The second part will describe methods to control 1-2 nm-sized structures on mixed oxide surfaces, with the goal of mimicking the steric and environmental control of zeolites or many enzymes. Templated atomic layer deposition and related sol-gel techniques are described which create nanoscale cavities (or islands, depending on one’s perspective) of one oxide on top of another. Novel applications of these materials will be described, including unprecedented shape-selective photooxidations, emergent selectivity in acid catalysis, and the ability to stabilize the size-selected deposition of metal nanoparticles. Combining new synthesis for classic supported oxides and these sub-nm oxide films is introducing new tools for design and use of selective oxide catalysts.

Wednesday March 4, 2015
12:30 pm - 2:00 pm

200 College Street
Wallberg Building
Room 116

JUSTIN NOTESTINE is currently an associate professor at Northwestern University. He received his BSE at Princeton University in 2001 and hNotesteinis PhD at the University of California Berkeley in 2006, both in Chemical Engineering. Since 2007, he has been a member of the department of Chemical and Biological Engineering and the Center for Catalysis and Surface Science. He is an affiliate of several consortia on sustainability, materials, and nanotechnology.

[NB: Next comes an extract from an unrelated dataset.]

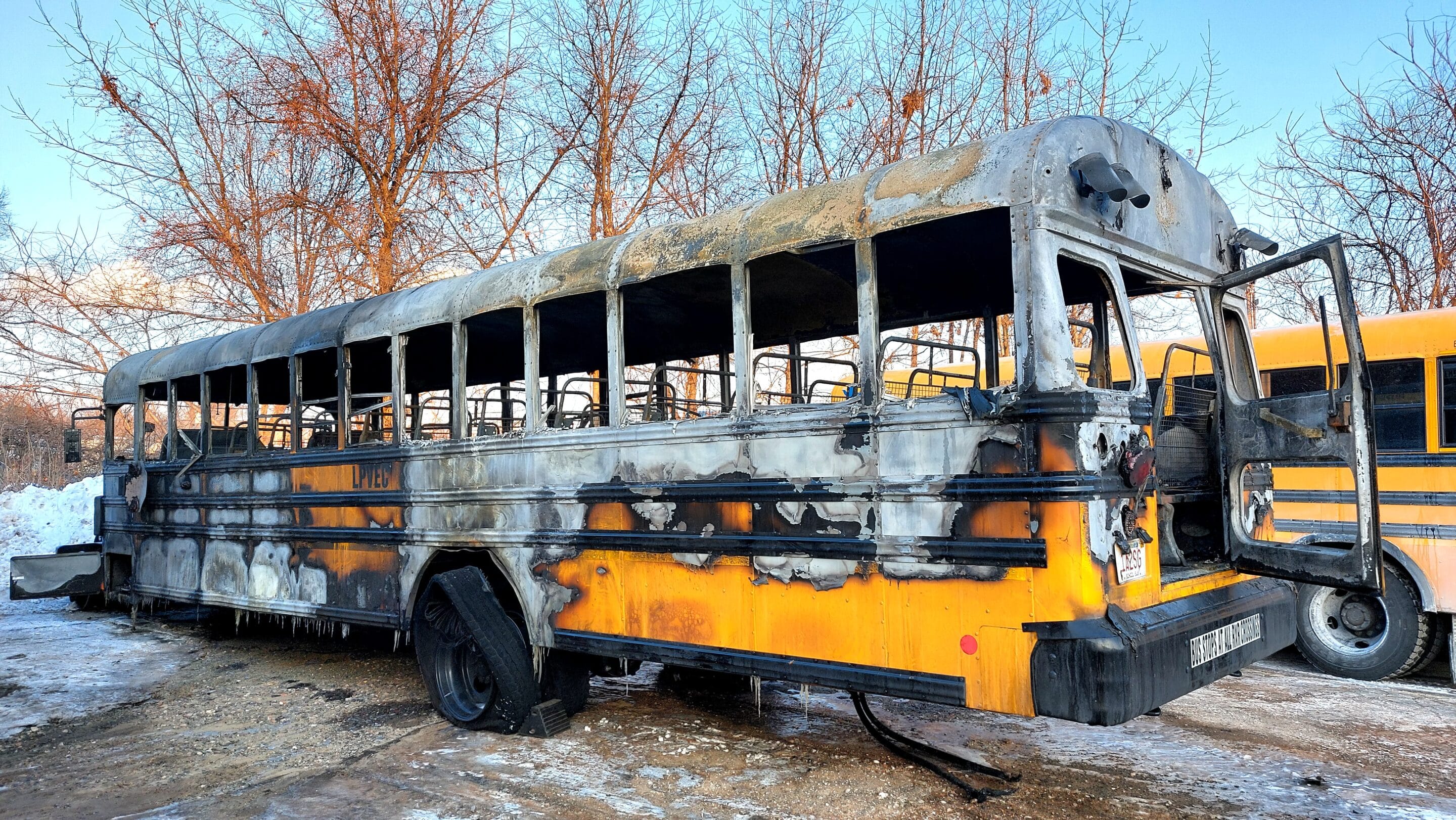 One of the buses that caught on fire Jan. 21 at the Lower Pioneer Valley Educational Collaborative bus garage at 2045 Boston Rd.

Research in Prof. Notestein’s group focuses on the development of new hybrid, oxide, and nanostructured catalysts and adsorbents for a number of transformations relevant to sustainable energy, selective oxidation, and improving industrial chemical processes. Special attention is on developing full synthesis-structure-function relationships for improving the process of new catalyst development. This work is supported by the US DOE, NSF, Toyota, and Dow Chemical. Among other recognition, Prof. Notestein has been awarded a Dreyfus Foundation New Faculty Award, a DuPont Young Professor Award, and several teaching and academic advising awards.